Learning Marmoset Vocal Patterns with a Masked Autoencoder for Robust Call Segmentation, Classification, and Caller Identification
This addresses the challenge of analyzing noisy, low-resource non-human vocal communication for researchers studying social-communicative behavior in marmosets, representing an incremental advance.
The paper tackled the problem of learning marmoset vocal patterns for call segmentation, classification, and caller identification by pretraining Transformers with a masked autoencoder on unannotated data, resulting in improved stability and generalization that outperformed CNNs.

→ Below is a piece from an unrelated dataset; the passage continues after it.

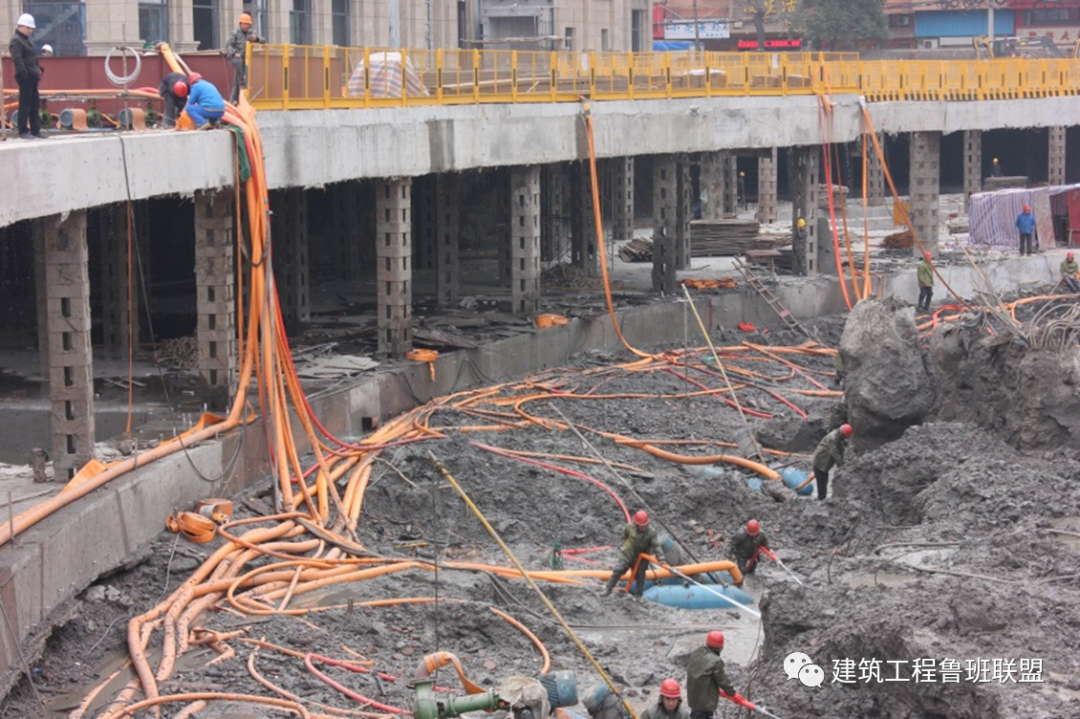 基坑土方开挖,我们所见的都是机械开挖方式,在施工过程中容易产生噪音及扬尘污染,同时需要大量的土方运输车,极易造成交通压力。那么,有一种新型土方开挖方式“水力冲挖”,你见过吗?中建三局二公司曾在武汉长江航运中心项目上开行业之先河,结合工程特点,创新采用“水力冲挖”方式,一起来见识一下吧!

The marmoset, a highly vocal primate, is a key model for studying social-communicative behavior. Unlike human speech, marmoset vocalizations are less structured, highly variable, and recorded in noisy, low-resource conditions. Learning marmoset communication requires joint call segmentation, classification, and caller identification -- challenging domain tasks. Previous CNNs handle local patterns but struggle with long-range temporal structure. We applied Transformers using self-attention for global dependencies. However, Transformers show overfitting and instability on small, noisy annotated datasets. To address this, we pretrain Transformers with MAE -- a self-supervised method reconstructing masked segments from hundreds of hours of unannotated marmoset recordings. The pretraining improved stability and generalization. Results show MAE-pretrained Transformers outperform CNNs, demonstrating modern self-supervised architectures effectively model low-resource non-human vocal communication.